◆ EXERCISE DATA:
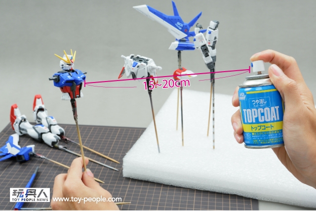 ▼ 首先再噴保護漆之前,需要留意手握噴罐的方式,以及噴罐與模型之間要保持15~20cm
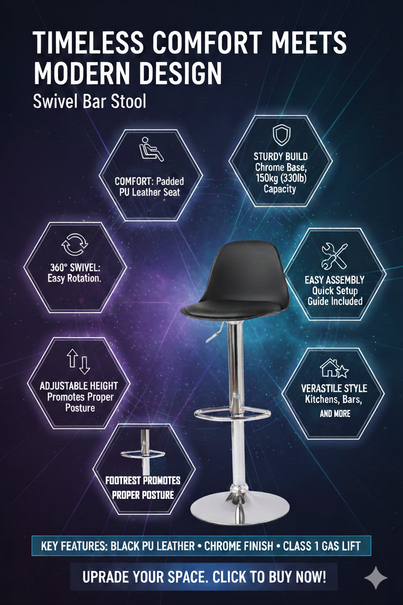 Design confortable – Cette chaise moderne en similicuir est spécialement conçue pour répondre à vos besoins de confort et d'élégance pour votre cuisine ou votre comptoir. Réglable en hauteur et dotée d'un repose-pieds, elle favorise une posture idéale pendant les repas et est suffisamment ferme et robuste pour un confort optimal. Elle est également pivotante.
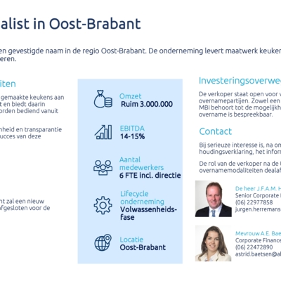 De onderneming biedt op maat gemaakte keukens aan in het midden tot hoge segment en biedt daarin optimale flexibiliteit. Klanten worden bediend vanuit één vestiging in Oost-Brabant. De reden van verkoop is dat de ondernemers het rustiger aan willen gaan doen. De verkoop van de onderneming zal plaatsvinden middels een aandelentransactie.
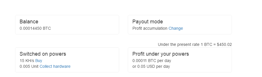 Ostatnio natknąłem się na bardzo interesującą stronę. Jest to wirtualna koparka BTC. Najlepsze jest to, że na start dostajemy 15KH/s, co daje nam zysk 0.00011 BTC na dzień. Środki są automatycznie wypłacane, gdy na naszym koncie zarobimy 0.005 BTC. Nawet osobom sceptycznie podchodzącym do tego typu stron, polecam sprawdzić-nic nie stracicie, a być może zgarniecie kilka satoshi. Ja pierwszego dnia dostałem trochę ponad 3000 satoshi, gdyż zarejestrowałem się pod koniec dnia. Wczoraj dostałem tyle ile powinienem. mój reflink: https://hashocean.com/signup/?rid=284926 czysty: https://hashocean.com/ polecam i życzę wysokich zarobków
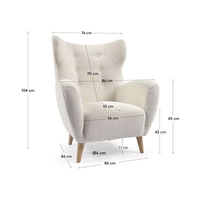 Kave Home terrassitool toob teie interjööri retrohõngu, mis on inspireeritud 1960. aastate disainist. Selle kõrge tiibadega seljatoe on kaunistatud dekoratiivsete nööpidega, mis loovad tepitud ilme. Tugitool on polsterdatud buklee-kangaga, mis annab sellele meeldiva tekstuuri. Tugevad pöögipuidust jalad tagavad stabiilsuse.
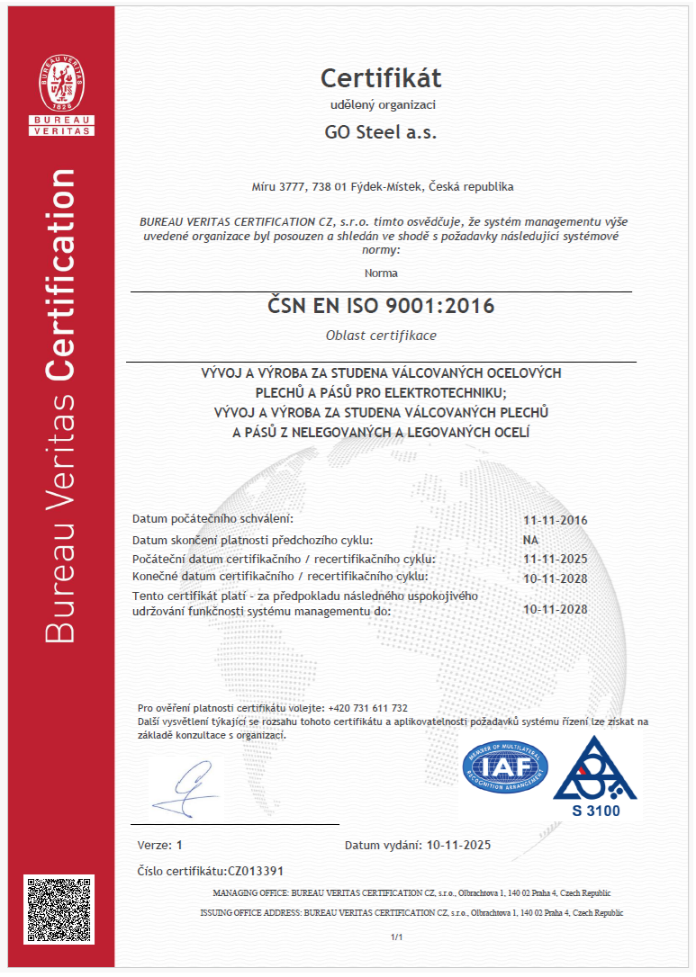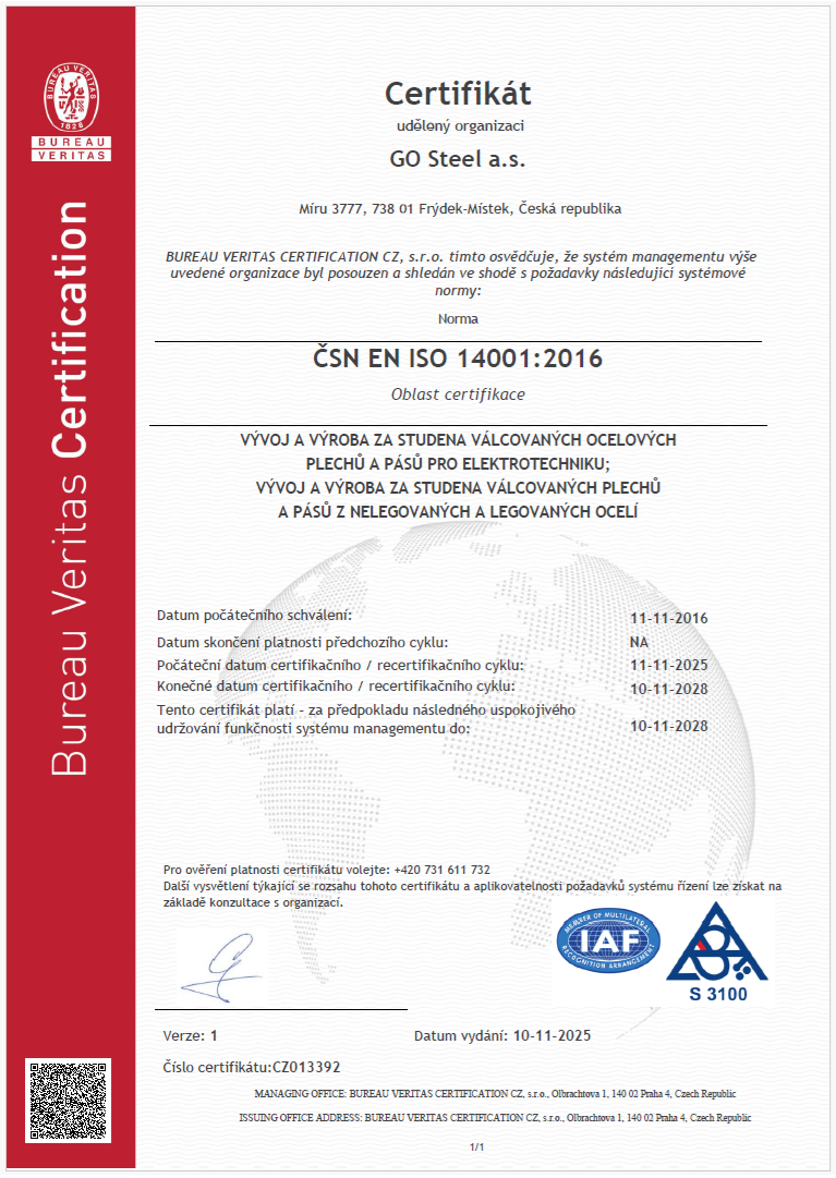 Společnost GO Steel a.s. má zavedený integrovaný systém řízení (IMS) systémových složek managementu kvality (QMS), ochrany životního prostředí (EMS), bezpečnosti a ochrany zdraví při práci (OHSMS) a hospodaření s energií (EnMS). Zavedení a udržování systému managementu kvality, ochrany životního prostředí, bezpečnosti a ochrany zdraví při práci a hospodaření s energií je strategickým rozhodnutím managementu společnosti.
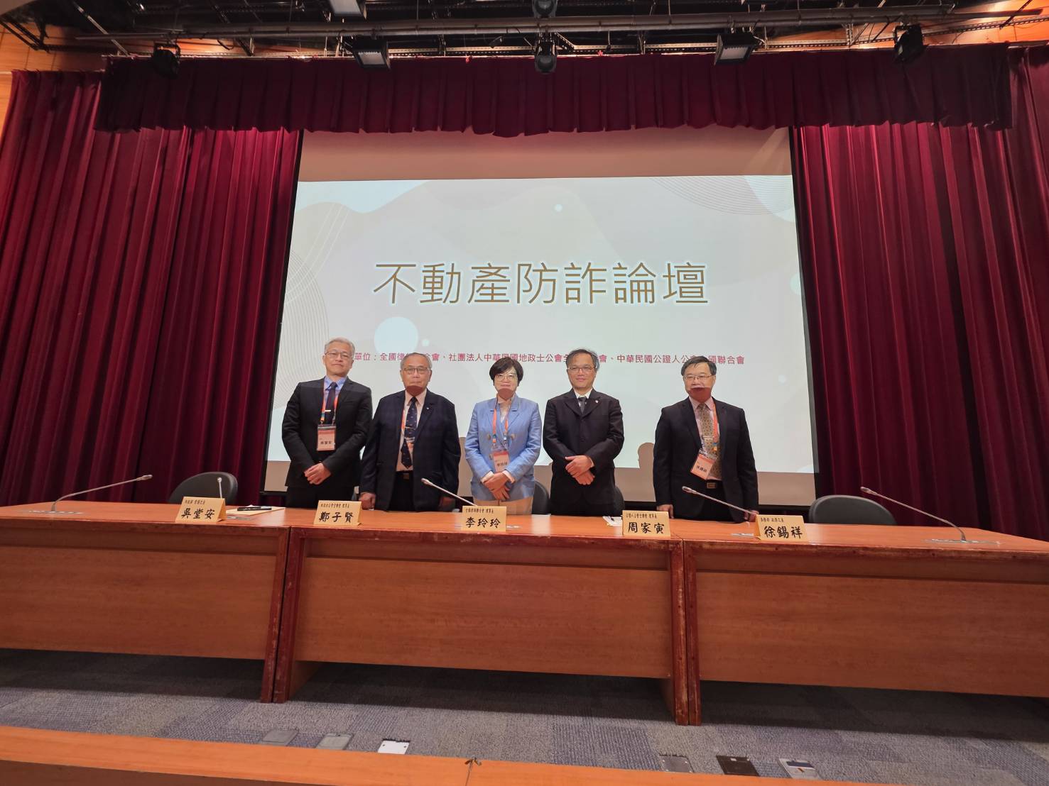 本次「不動產防詐論壇」由全國律師聯合會李玲玲理事長、地政士公會全聯會鄭子賢理事長、公證人全聯會周家寅理事長致詞揭開序幕,共同宣示我國律師、公證人、地政士將就不動產防詐透過跨領域之合作,一起為不動產安全防詐機制戮力為全民把關之決心。不動產防詐政策係我國政府之重要政策,本次「不動產防詐論壇」亦受我國政府機關高度重視,感謝法務部徐錫祥政務次長、內政部吳堂安常務次長蒞臨致詞。內政部地政司林家正司長、陳杰宗副司長、詐欺犯罪防制中心 張文源主任與地政司董婉蓉專員也到場與會致意。
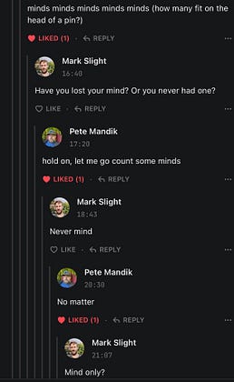 Pete Mandik is occasionally terse in back and forths in a way that annoys me (in the way I get annoyed at a very helpful but-not-in-the-way-I-want sales representative) but I do consistently chuckle at my interactions with him more than almost anyone else. He also reminded me of the best color for a banana to be.
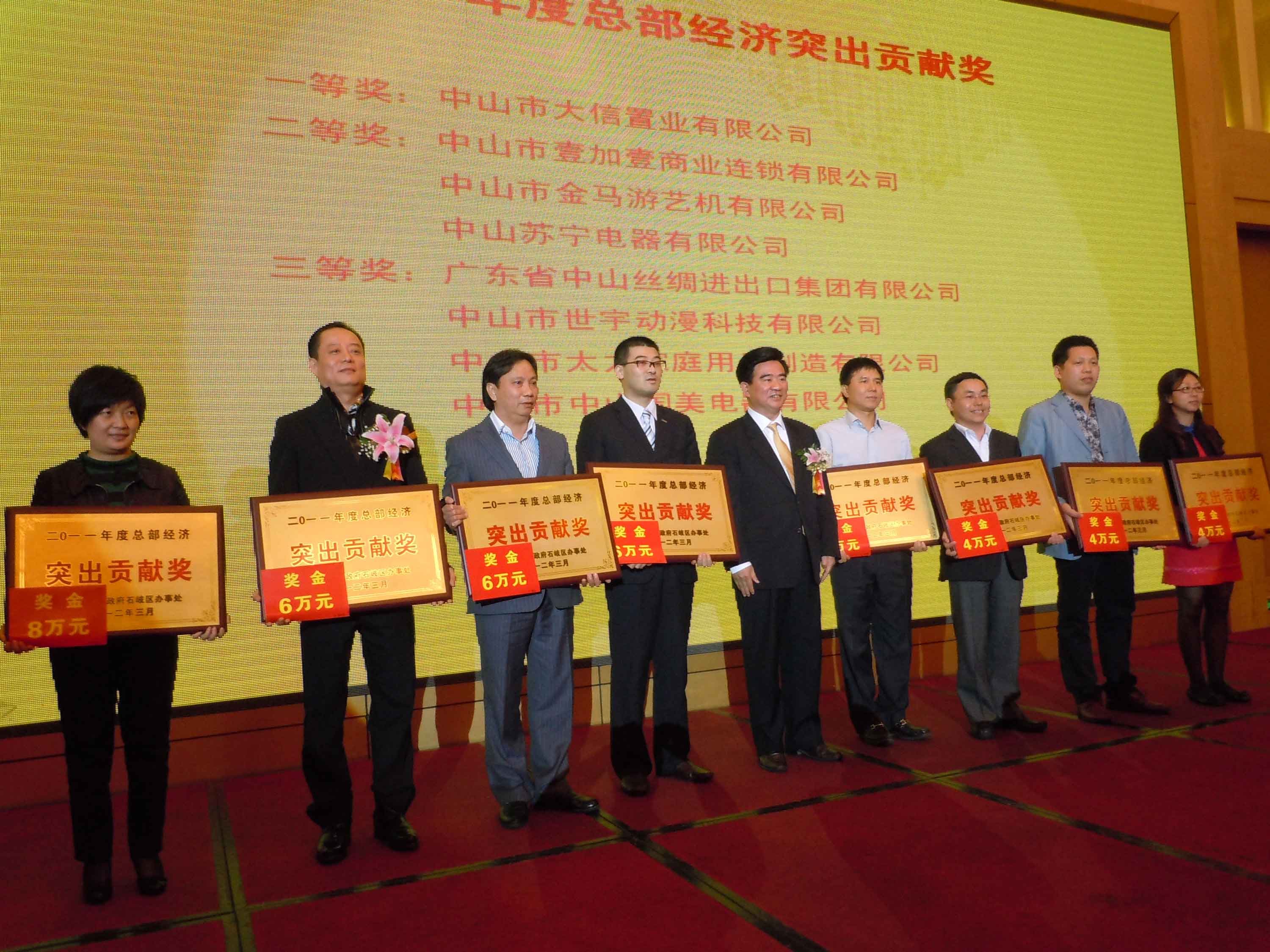 晚會(huì)上,石岐區(qū)辦事處為全區(qū)經(jīng)濟(jì)發(fā)展作出突出貢獻(xiàn)的42家企業(yè)及協(xié)會(huì)共計(jì)54個(gè)項(xiàng)目進(jìn)行了通報(bào)表彰。在過去一年里,我司著力推進(jìn)產(chǎn)業(yè)轉(zhuǎn)型升級(jí),向高科技4D動(dòng)漫影視娛樂項(xiàng)目延伸,以科技創(chuàng)新帶動(dòng)發(fā)展,為區(qū)內(nèi)經(jīng)濟(jì)騰飛作出了突出貢獻(xiàn),受到了區(qū)辦事處的肯定與嘉許,榮獲“二〇一一年度總部經(jīng)濟(jì)突出貢獻(xiàn)獎(jiǎng)”、“二〇一一年度企業(yè)自主創(chuàng)新及科學(xué)技術(shù)獎(jiǎng)”、“二〇一一年度企業(yè)黨建促發(fā)展先進(jìn)獎(jiǎng)”等三大獎(jiǎng)項(xiàng),共獲得了石岐區(qū)10萬元的獎(jiǎng)金獎(jiǎng)勵(lì)。鄧志毅董事長(zhǎng)、曾慶遠(yuǎn)副總經(jīng)理及楊焯彬書記分別代表公司上臺(tái)領(lǐng)獎(jiǎng)。
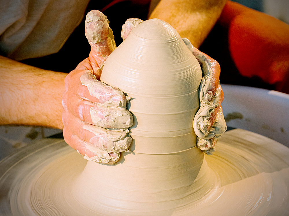 Considered easier for beginners, hand building provides superior control over the clay and the ease to make improvements, thereby facilitating the understanding of how clay responds to manipulation.
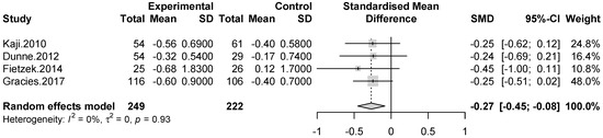 Meta-analysis including four trials demonstrated a significant efficacy without heterogeneity in favor of BoNT-A compared to placebo remained to week 12 after the intervention (SMD = −0.27 [95% confidence interval = −0.45; −0.08]; p = 0.0041, I2 = 0%). (Figure 4).
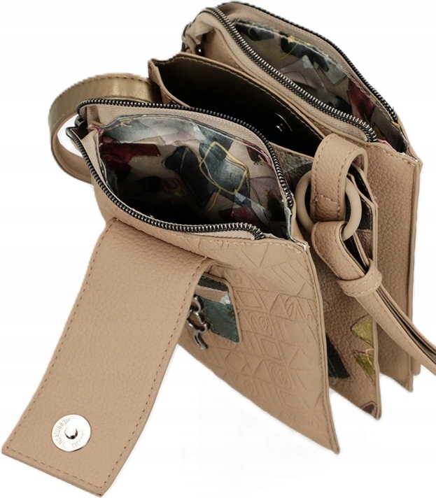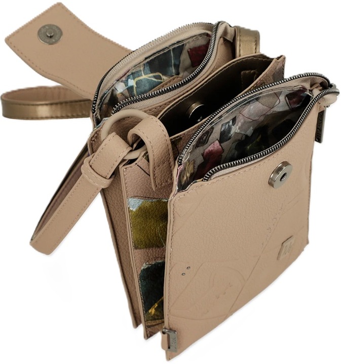 Torebka zachwyca starannością wykonania – wewnątrz znajdziesz 3 samodzielne komory zamykane na suwak lub zamek magnetyczny. Wnętrze wykończone jest podszewką w naturalnych tonacjach nawiązujących do estetyki serii Anekke Evolution, co podkreśla spójność stylu i dbałość o detale. Dzięki regulowanemu paskowi torebkę możesz wygodnie nosić na ramieniu lub jako crossbody.
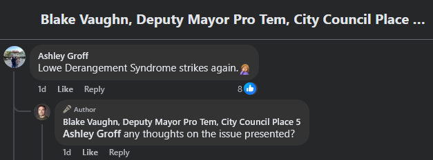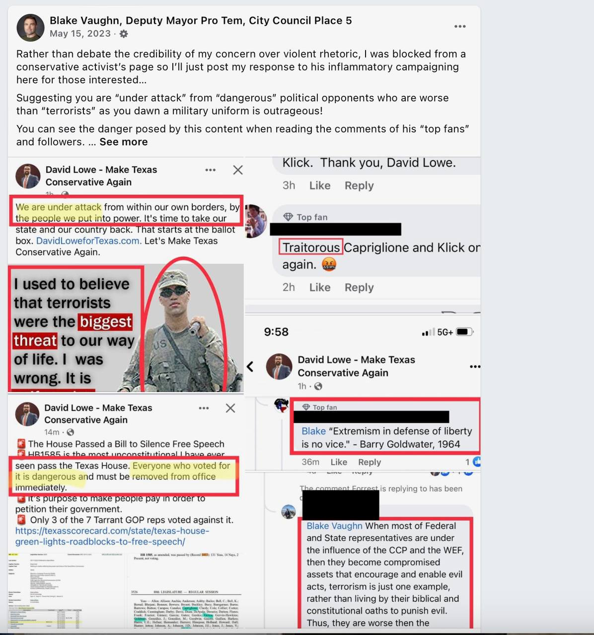 Blake Vaughn, North Richland Hills Deputy Mayor Pro Tem, has an odd obsession with Rep. David Lowe, where he seemingly complains on Facebook almost every day about him.

◆ WORK TO BE COMPLETED: Give back exactly, and solely, the section of the data above bounded by the line containing "Pete Mandik is" and the line containing "Meta-analysis including four", both bounding lines included and pictures omitted.

◆ RESPONSE TO THIS TASK:
 Pete Mandik is occasionally terse in back and forths in a way that annoys me (in the way I get annoyed at a very helpful but-not-in-the-way-I-want sales representative) but I do consistently chuckle at my interactions with him more than almost anyone else. He also reminded me of the best color for a banana to be.
 晚會(huì)上,石岐區(qū)辦事處為全區(qū)經(jīng)濟(jì)發(fā)展作出突出貢獻(xiàn)的42家企業(yè)及協(xié)會(huì)共計(jì)54個(gè)項(xiàng)目進(jìn)行了通報(bào)表彰。在過去一年里,我司著力推進(jìn)產(chǎn)業(yè)轉(zhuǎn)型升級(jí),向高科技4D動(dòng)漫影視娛樂項(xiàng)目延伸,以科技創(chuàng)新帶動(dòng)發(fā)展,為區(qū)內(nèi)經(jīng)濟(jì)騰飛作出了突出貢獻(xiàn),受到了區(qū)辦事處的肯定與嘉許,榮獲“二〇一一年度總部經(jīng)濟(jì)突出貢獻(xiàn)獎(jiǎng)”、“二〇一一年度企業(yè)自主創(chuàng)新及科學(xué)技術(shù)獎(jiǎng)”、“二〇一一年度企業(yè)黨建促發(fā)展先進(jìn)獎(jiǎng)”等三大獎(jiǎng)項(xiàng),共獲得了石岐區(qū)10萬元的獎(jiǎng)金獎(jiǎng)勵(lì)。鄧志毅董事長(zhǎng)、曾慶遠(yuǎn)副總經(jīng)理及楊焯彬書記分別代表公司上臺(tái)領(lǐng)獎(jiǎng)。
 Considered easier for beginners, hand building provides superior control over the clay and the ease to make improvements, thereby facilitating the understanding of how clay responds to manipulation.
 Meta-analysis including four trials demonstrated a significant efficacy without heterogeneity in favor of BoNT-A compared to placebo remained to week 12 after the intervention (SMD = −0.27 [95% confidence interval = −0.45; −0.08]; p = 0.0041, I2 = 0%). (Figure 4).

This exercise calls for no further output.